About this task:
Without copying any picture, transcribe exactly the lines of the data below from the one containing "- Stände in" through the one containing "Poinsettia, watercolor, copyright Ku-mie Kim".

Task material:
------

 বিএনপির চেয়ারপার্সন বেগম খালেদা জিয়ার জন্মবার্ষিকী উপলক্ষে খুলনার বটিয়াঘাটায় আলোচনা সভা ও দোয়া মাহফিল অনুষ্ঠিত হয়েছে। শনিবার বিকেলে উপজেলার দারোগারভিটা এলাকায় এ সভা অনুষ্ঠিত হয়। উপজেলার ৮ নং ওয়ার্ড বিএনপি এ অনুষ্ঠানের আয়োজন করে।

------

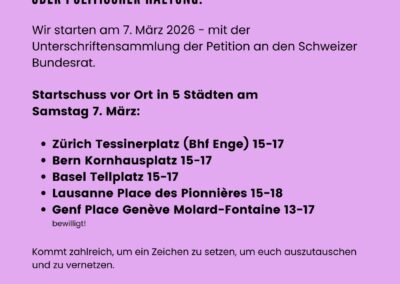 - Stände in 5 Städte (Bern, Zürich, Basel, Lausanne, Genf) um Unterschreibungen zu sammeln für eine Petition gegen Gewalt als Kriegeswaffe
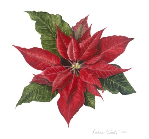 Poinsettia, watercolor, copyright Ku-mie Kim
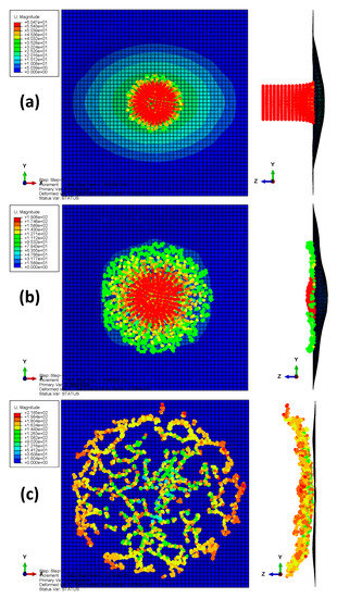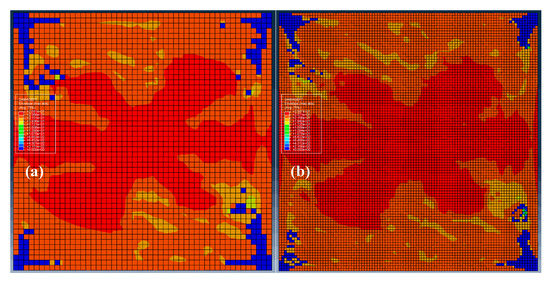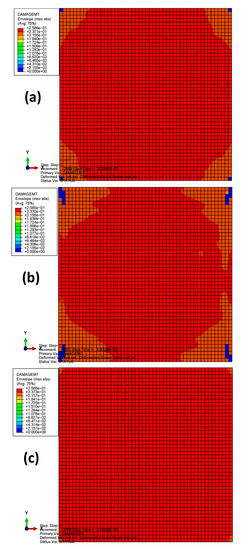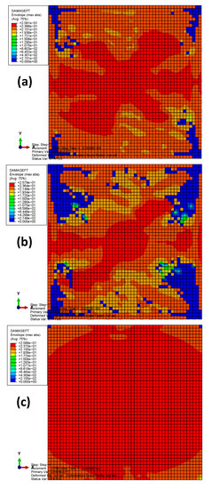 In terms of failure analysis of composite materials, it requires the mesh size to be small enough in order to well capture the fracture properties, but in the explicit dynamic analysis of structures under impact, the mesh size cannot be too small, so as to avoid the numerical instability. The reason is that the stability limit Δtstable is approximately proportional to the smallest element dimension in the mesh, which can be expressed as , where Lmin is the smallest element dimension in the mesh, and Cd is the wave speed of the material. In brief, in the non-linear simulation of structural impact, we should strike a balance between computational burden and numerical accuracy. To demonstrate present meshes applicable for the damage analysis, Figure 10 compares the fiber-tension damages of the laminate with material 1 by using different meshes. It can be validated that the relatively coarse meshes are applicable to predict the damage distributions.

------

Problem solution:
 - Stände in 5 Städte (Bern, Zürich, Basel, Lausanne, Genf) um Unterschreibungen zu sammeln für eine Petition gegen Gewalt als Kriegeswaffe
 Poinsettia, watercolor, copyright Ku-mie Kim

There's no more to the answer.